Em 1991, esse sociólogo publicou seu principal livro, Os candomblés de São Paulo, que, trinta anos depois, ganhou uma edição comemorativa e ampliada. É autor também de outras obras de referência na área, assim como vários e importantes artigos, abordando sobremaneira: catolicismo, pentecostalismo, espiritismo e a relação entre religião e modernidade. Deu significativas contribuições, enquanto avaliador, para o desenvolvimento de diferentes programas de pós-graduação em sociologia. Muito produtivo, foi pioneiro também em bolsas de pesquisa do CNPq, órgão que, em 2001, lhe conferiu, junto com SBPC e Ministério da Cultura, o prêmio Érico Vanucci Mendes, tendo sido premiado também, em 2017, pela Cátedra 10 Unesco-PUC-Rio, além de ter recebido, por quatro vezes, indicações para o Prêmio Jabuti de literatura. Coordenou o Comitê de Sociologia da CAPES (2001-2004) e foi membro do Comitê Acadêmico da ANPOCS. Além de sociólogo, tornou-se também um escritor bem sucedido ao publicar livros sobre mitologia, literatura infantojuvenil e ficção policial – com alguns traduzidos para outros idiomas – havendo inclusive dois best-sellers.

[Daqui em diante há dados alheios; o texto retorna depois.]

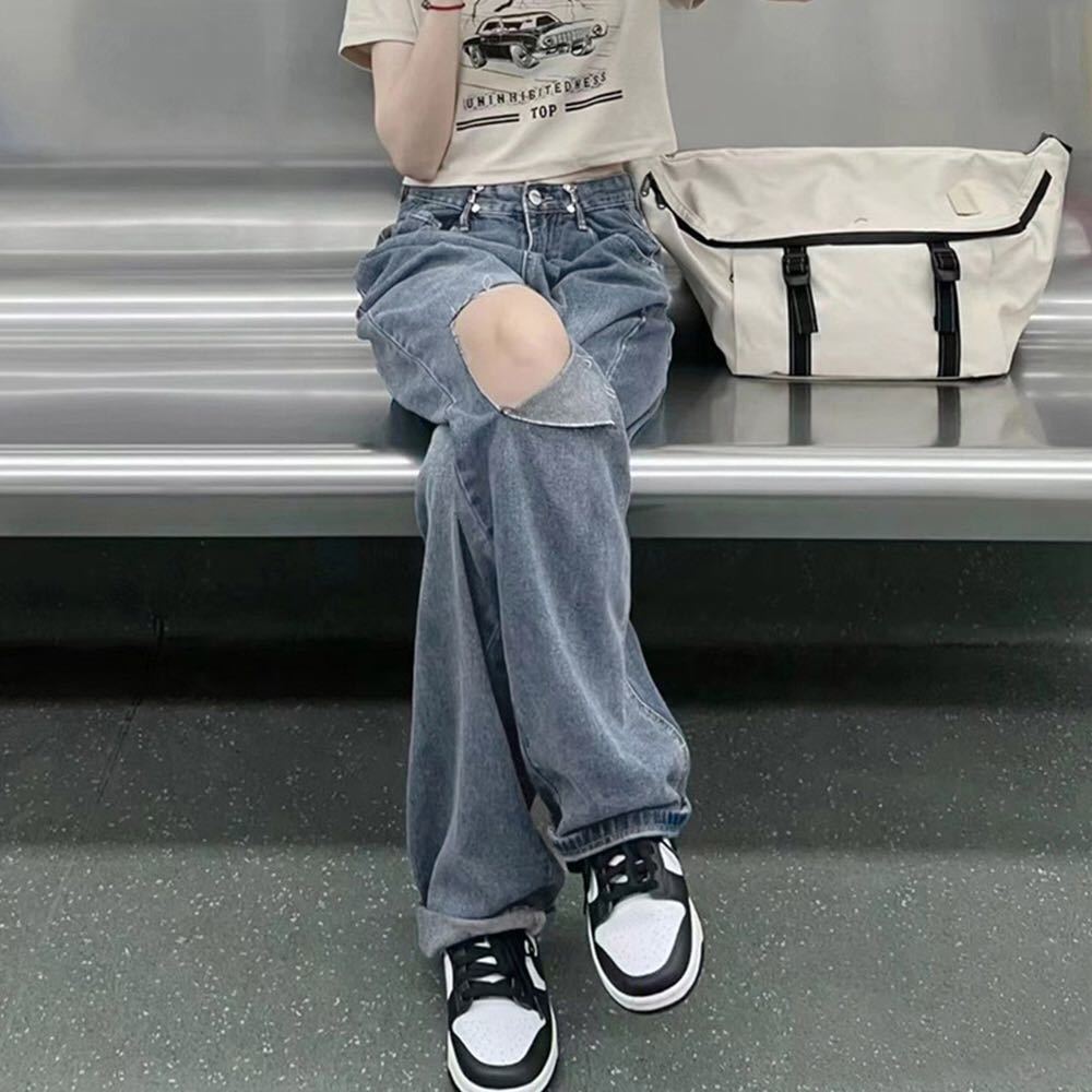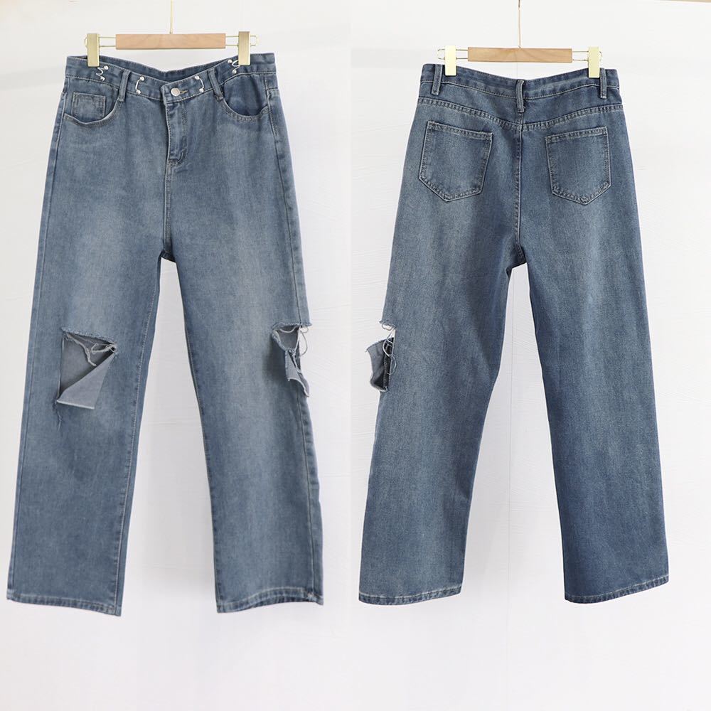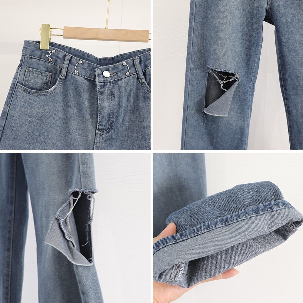 ダメージデニム韓国/ストリート大人美脚/カジュアルジーパン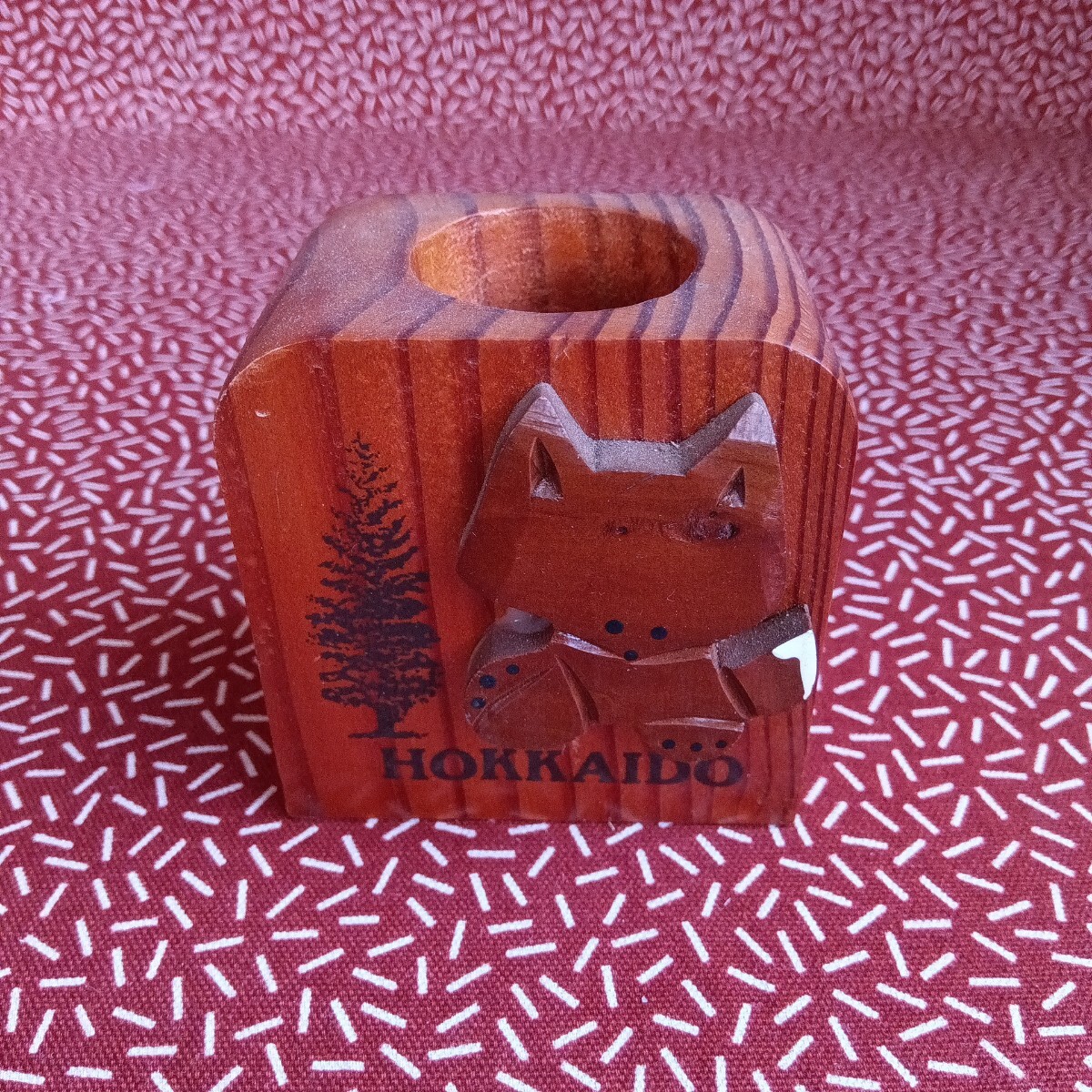 - 中古☆ 置物 鉛筆立て 雑貨 土産 昭和 レトロ キツネ 北海道 HOKKAIDO ペン立て 民芸品 観光地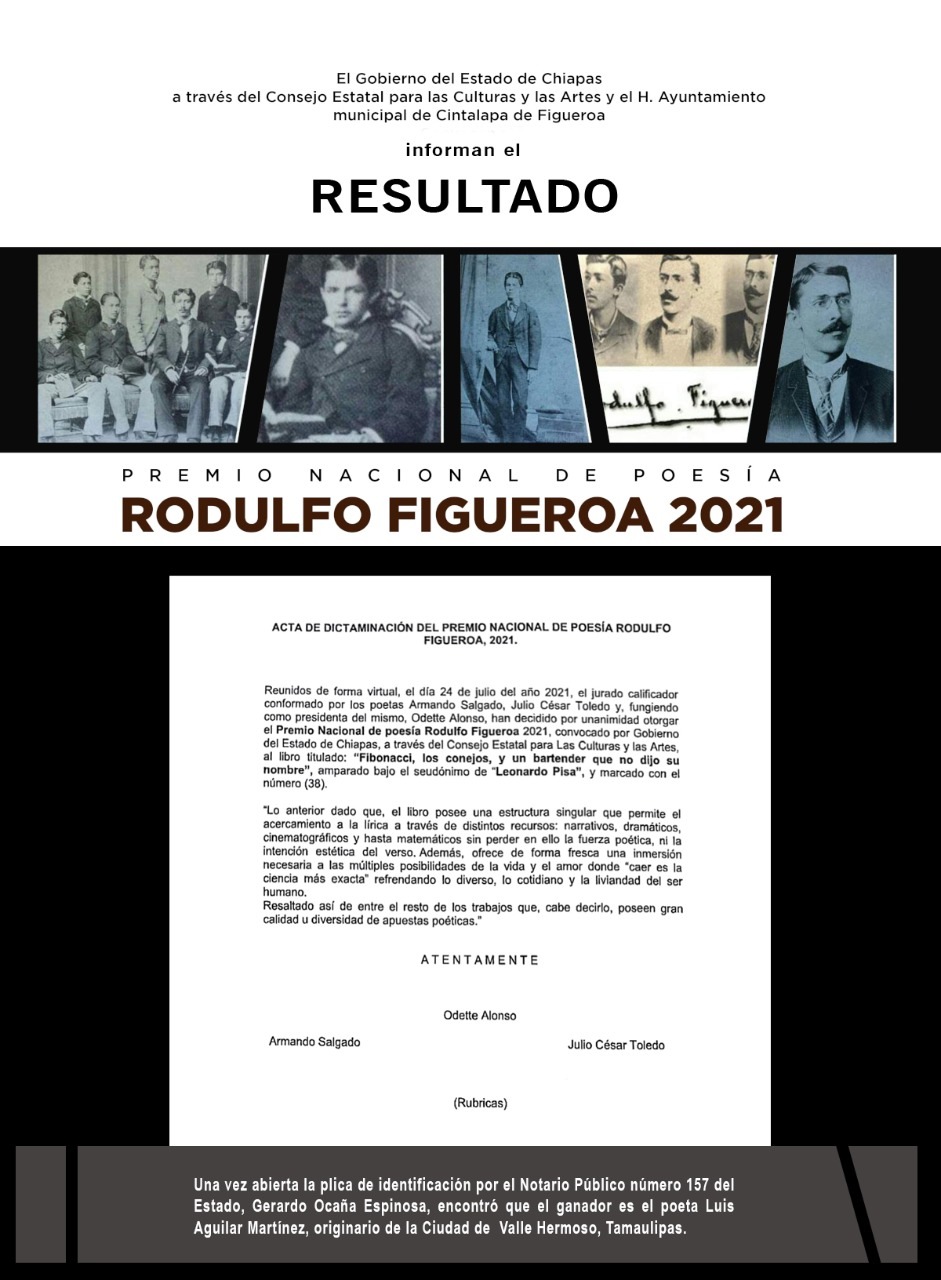 Por otro lado, Luis Aguilar Martínez, originario de la ciudad de Valle Hermoso, Tamaulipas, se postuló con el libro “Fibonnacci, los conejos y un bartender que no dijo su nombre”, bajo el seudónimo “Leonardo de Pisa”.

Com seu amplo conhecimento e a personalidade bastante objetiva, Reginaldo contribuiu expressivamente para a formação de pesquisadores atuantes em diversas universidades do país. As reuniões com grupos de orientandos em sua casa se caracterizaram por bastante competência, posicionamento enérgico, além de afeto e bom humor. Soube estabelecer reais laços de amizade a partir delas, de modo a combinar aspectos puramente intelectuais com outros eminentemente humanos.
Sugestões de obras do autor
PRANDI, Reginaldo. Os candomblés de São Paulo: a velha magia na metrópole nova. São Paulo, Fapesp e Edusp, 1991.
PRANDI, Reginaldo; PIERUCCI, Antônio Flávio. A realidade social das religiões no Brasil. São Paulo, Hucitec, 1996.
PRANDI, Reginaldo. Um sopro do espírito: a renovação conservadora do catolicismo carismático. São Paulo, Fapesp e Edusp, 1997.
PRANDI, Reginaldo. Mitologia dos orixás. São Paulo, Companhia das Letras, 2001.
PRANDI, Reginaldo. Segredos guardados: orixás na alma brasileira. São Paulo, Fapesp e Companhia das Letras, 2005.
PRANDI, Reginaldo. Os vivos e os mortos: uma introdução ao espiritismo. São Paulo, Três Estrelas, 2012.